Made-to-order meals from small businesses like Oren’s Hummus cannot be created and stored in a centralized facility, nor can orders placed at the same restaurant be bundled together all at once and placed on a truck that completes a dozen deliveries in one neighborhood in one trip. People order food when they want it, and they expect it at their door, still piping hot (or ice cream cold), in under an hour. As the on-demand delivery landscape expands, the race from restaurant kitchen to customer table is getting faster—and that race has only accelerated during the pandemic.

When COVID-19 struck in the spring of 2020, it brought existential uncertainty for DoorDash and Dashers alike. With much of the world’s population stuck at home, there was concern that the restaurant industry would shutter altogether, imperiling DoorDash and the workers who relied on it for income. “It was certainly survival mode,” Xu says of those first days of lockdown. 
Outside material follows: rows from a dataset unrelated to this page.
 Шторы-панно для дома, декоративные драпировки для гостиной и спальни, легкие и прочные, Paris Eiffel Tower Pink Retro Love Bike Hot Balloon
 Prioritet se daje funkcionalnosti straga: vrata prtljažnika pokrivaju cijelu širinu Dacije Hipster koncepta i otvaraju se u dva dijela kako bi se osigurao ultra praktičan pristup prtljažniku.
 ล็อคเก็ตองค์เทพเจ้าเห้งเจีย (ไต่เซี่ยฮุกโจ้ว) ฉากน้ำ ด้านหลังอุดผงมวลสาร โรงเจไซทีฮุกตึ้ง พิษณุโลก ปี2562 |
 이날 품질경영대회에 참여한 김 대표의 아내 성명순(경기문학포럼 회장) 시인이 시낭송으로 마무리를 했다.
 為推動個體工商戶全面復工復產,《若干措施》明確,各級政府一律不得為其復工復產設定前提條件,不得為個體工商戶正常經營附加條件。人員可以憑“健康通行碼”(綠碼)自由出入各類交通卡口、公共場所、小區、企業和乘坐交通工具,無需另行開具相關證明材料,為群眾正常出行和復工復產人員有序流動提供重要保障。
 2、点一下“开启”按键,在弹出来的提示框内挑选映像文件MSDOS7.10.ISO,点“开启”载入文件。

“It was certainly survival mode.”

TONY XU

“People were in a panic state,” says D’Shea Grant, who lives and dashes in Queens, New York. For her, dashing has become a lifesaver—she has a daughter with special needs, and without the ability to pay for a caregiver, a traditional 9-to-5 job is impossible. “My hours and my lifestyle are not consistent,” she says. Grant’s work–life circumstances reflect those of some 60 percent of women Dashers who are also parents or caregivers, and 30 percent of male Dashers, who also report the reason they do this work is because of the flexibility to earn money and have time for caregiving responsibilities.
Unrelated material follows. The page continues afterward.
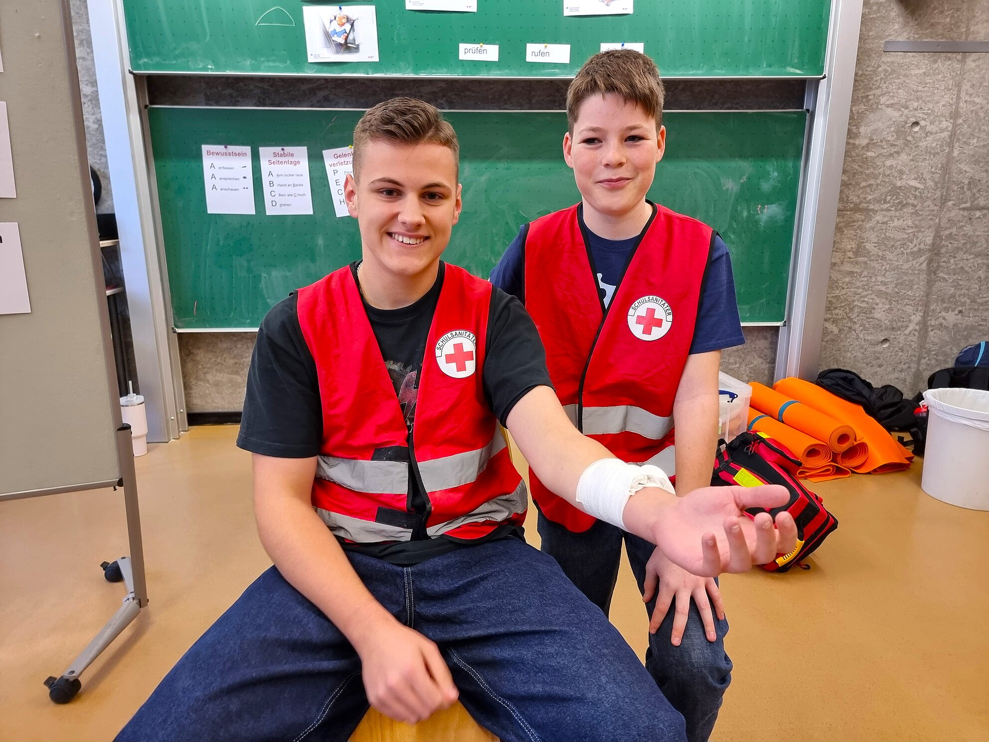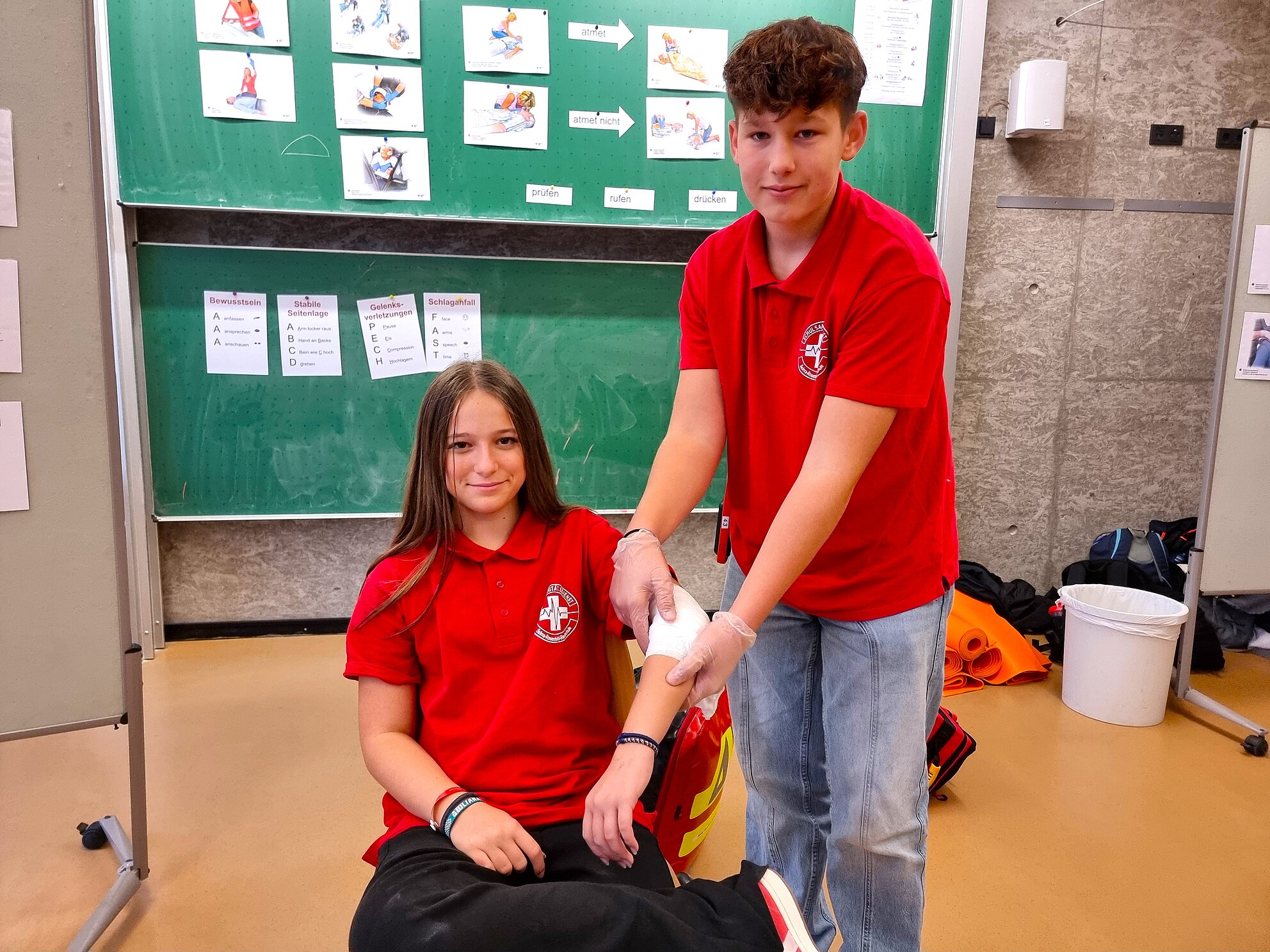 Die beiden Schüler Marlon Mayer und Leni Kilian, welche schon seit mehreren Jahren im Jugend-Rotkreuz aktiv sind, unterstützten ihre Mitschülerinnen und Mitschüler während der Gruppenarbeiten.

In the midst of that early uncertainty, Xu rushed to reorient the company around safety and support for delivery workers, announcing free personal protective equipment, financial support for those impacted by COVID-19, and access to other critical services, like telemedicine. “They were already working tremendously hard and tremendously smart,” says Lin. “But, in the pandemic, Tony took the company to a completely different level.”

When it became clear that restaurants in the United States would not be forced to close during the lockdown, and Dashers like Grant would, in fact, be deemed essential workers, Xu had to shift from negotiating existential uncertainty to a situation that promised an unprecedented boom in last-mile deliveries. “It was like, ‘Oh shit, these restaurants are about to get slammed,’” Lin remembers thinking. “We could help them by making DoorDash available to them as quickly as possible.”

One of the first things the company did was launch the #OpenForDelivery campaign, a marketing initiative to remind people that restaurants were not only open, but that they would need to rely on deliveries—from DoorDash as well as Uber Eats, GrubHub and their other competitors—more than ever. “Tony didn’t care that he was helping his competitors,” says Lin. “It was the right thing to do.” 

It was an effective marketing campaign, sure, but more than anything else, #OpenForDelivery reflected a deeper philosophy that defined Xu long before he and his cofounders decided to launch Palo Alto Delivery in 2013: his lifelong desire to invest in and boost small and local businesses, from kitchen to doorstep.

“There are way more things that bind us than there are things that delineate us,” says Xu. “Because I come from that context, the choice that I’ve made, and that our company has made, is that we want to make sure that all of our audiences are going to be successful, individually and collectively.”